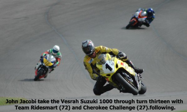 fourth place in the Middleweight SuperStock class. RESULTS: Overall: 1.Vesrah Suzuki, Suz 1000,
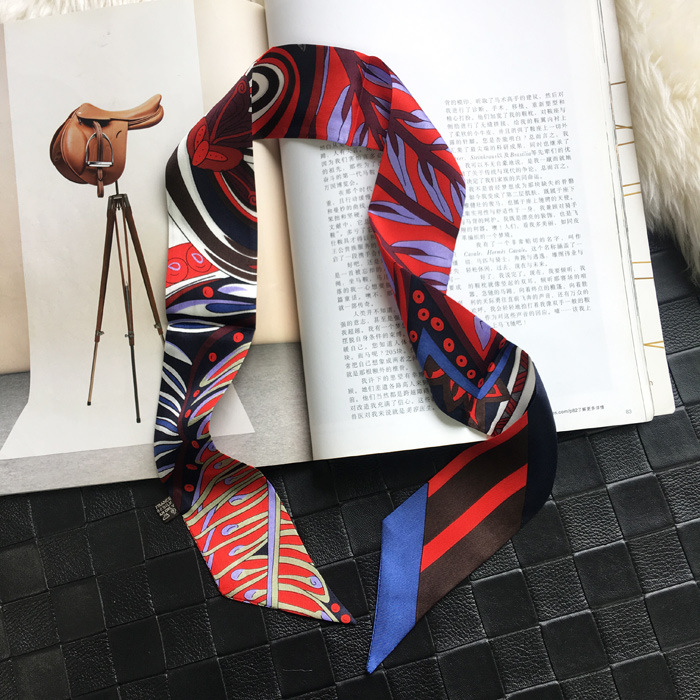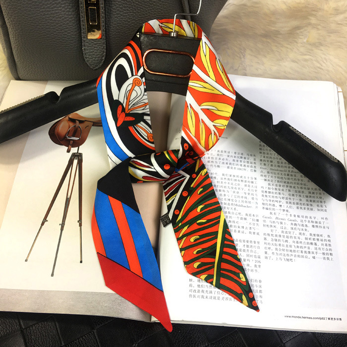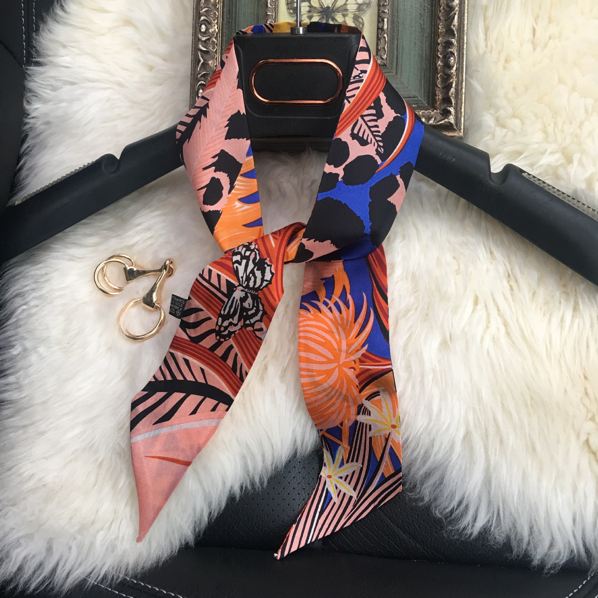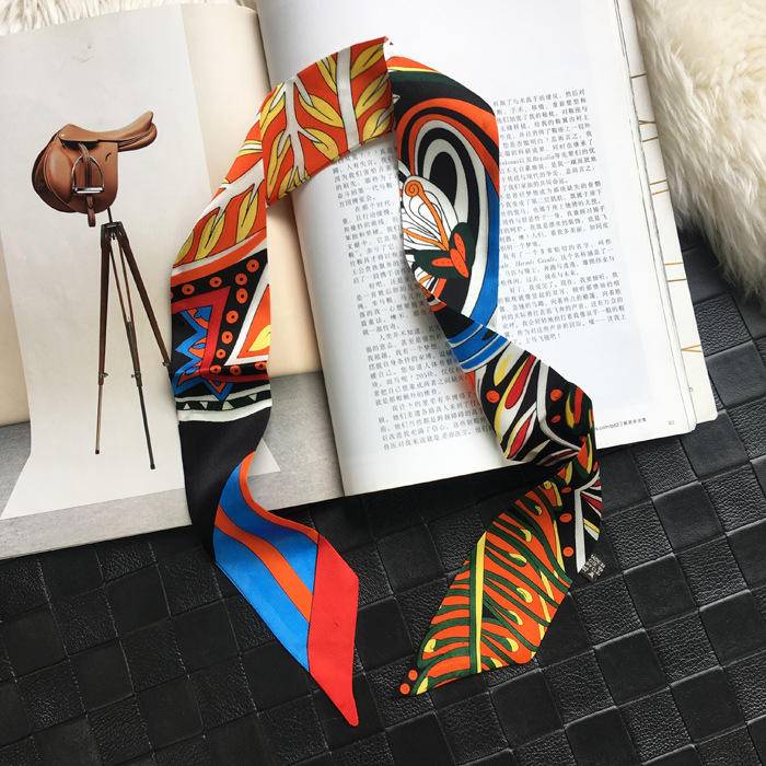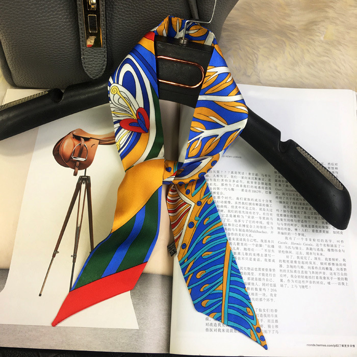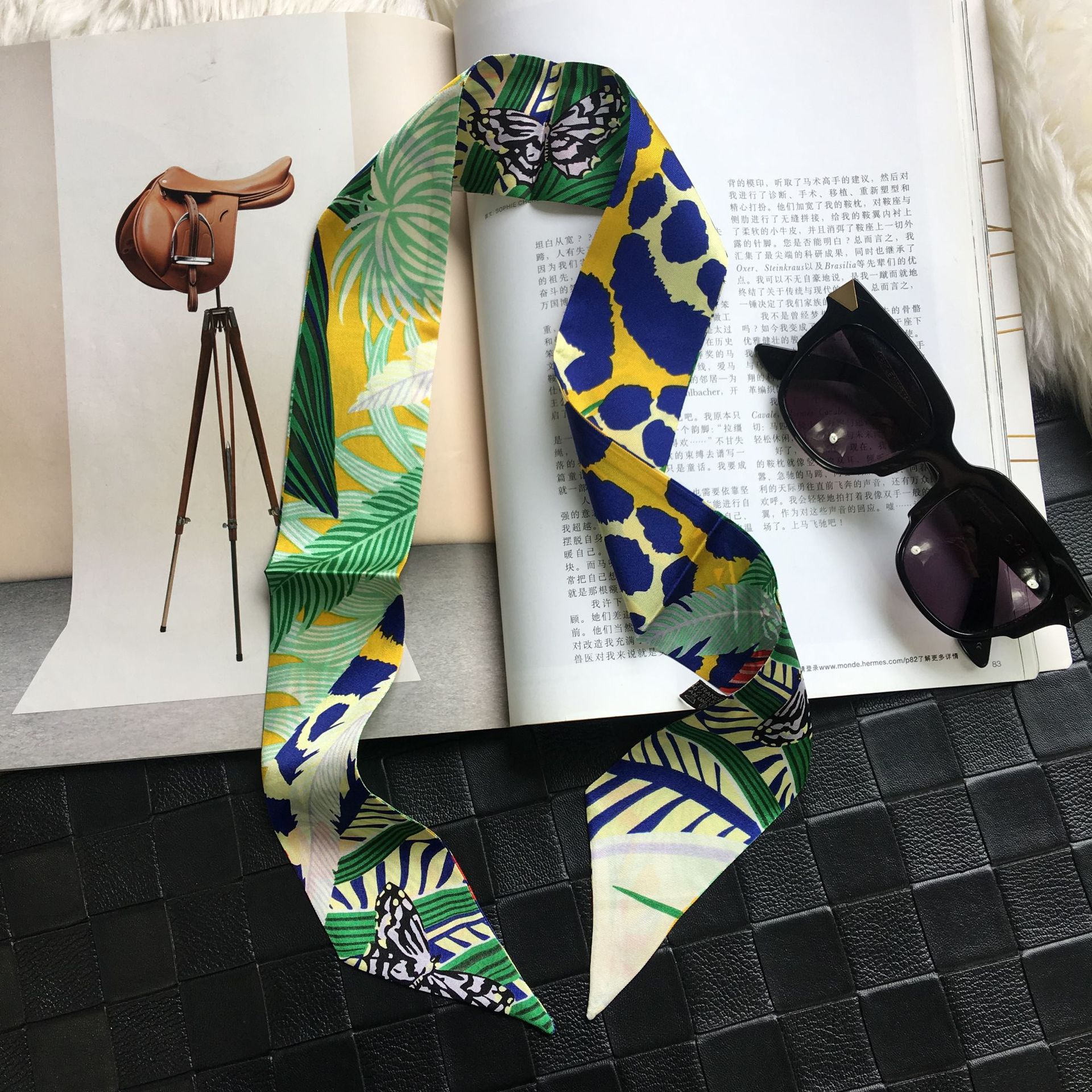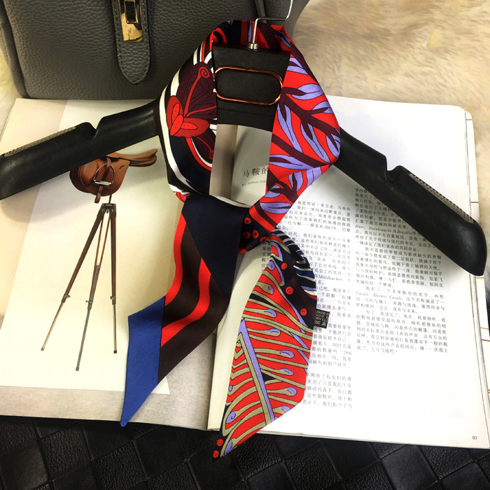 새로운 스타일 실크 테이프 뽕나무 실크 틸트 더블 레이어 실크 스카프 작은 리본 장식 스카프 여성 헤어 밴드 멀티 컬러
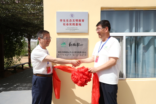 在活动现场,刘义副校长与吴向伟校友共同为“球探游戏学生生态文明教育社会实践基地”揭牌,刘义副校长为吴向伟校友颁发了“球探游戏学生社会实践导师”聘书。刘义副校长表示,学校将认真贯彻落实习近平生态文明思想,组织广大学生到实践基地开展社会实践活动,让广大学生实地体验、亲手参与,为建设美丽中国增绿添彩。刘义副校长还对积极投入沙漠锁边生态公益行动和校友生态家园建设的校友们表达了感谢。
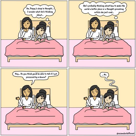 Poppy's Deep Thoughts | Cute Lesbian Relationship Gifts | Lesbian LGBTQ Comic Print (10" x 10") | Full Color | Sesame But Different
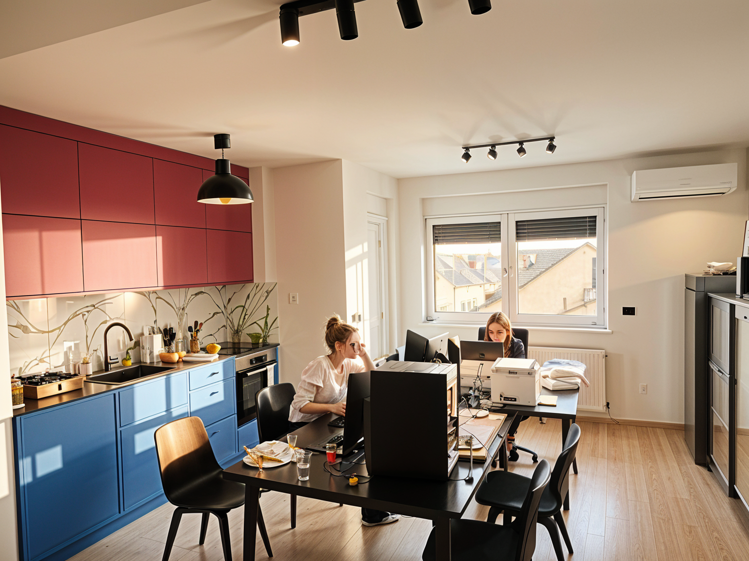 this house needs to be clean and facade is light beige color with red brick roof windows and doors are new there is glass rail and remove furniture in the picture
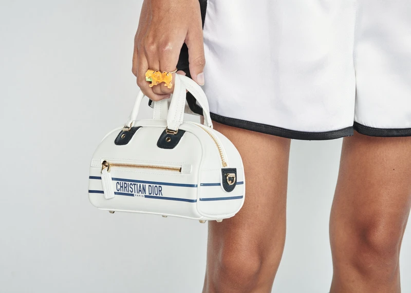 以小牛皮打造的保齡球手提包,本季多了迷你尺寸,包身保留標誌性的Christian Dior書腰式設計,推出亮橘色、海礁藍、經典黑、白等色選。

:::

> _What is required_
The answer is a faithful copy of the records above, with the pictures removed.

> _Task result_
 fourth place in the Middleweight SuperStock class. RESULTS: Overall: 1.Vesrah Suzuki, Suz 1000,
 새로운 스타일 실크 테이프 뽕나무 실크 틸트 더블 레이어 실크 스카프 작은 리본 장식 스카프 여성 헤어 밴드 멀티 컬러
 在活动现场,刘义副校长与吴向伟校友共同为“球探游戏学生生态文明教育社会实践基地”揭牌,刘义副校长为吴向伟校友颁发了“球探游戏学生社会实践导师”聘书。刘义副校长表示,学校将认真贯彻落实习近平生态文明思想,组织广大学生到实践基地开展社会实践活动,让广大学生实地体验、亲手参与,为建设美丽中国增绿添彩。刘义副校长还对积极投入沙漠锁边生态公益行动和校友生态家园建设的校友们表达了感谢。
 Poppy's Deep Thoughts | Cute Lesbian Relationship Gifts | Lesbian LGBTQ Comic Print (10" x 10") | Full Color | Sesame But Different
 this house needs to be clean and facade is light beige color with red brick roof windows and doors are new there is glass rail and remove furniture in the picture
 以小牛皮打造的保齡球手提包,本季多了迷你尺寸,包身保留標誌性的Christian Dior書腰式設計,推出亮橘色、海礁藍、經典黑、白等色選。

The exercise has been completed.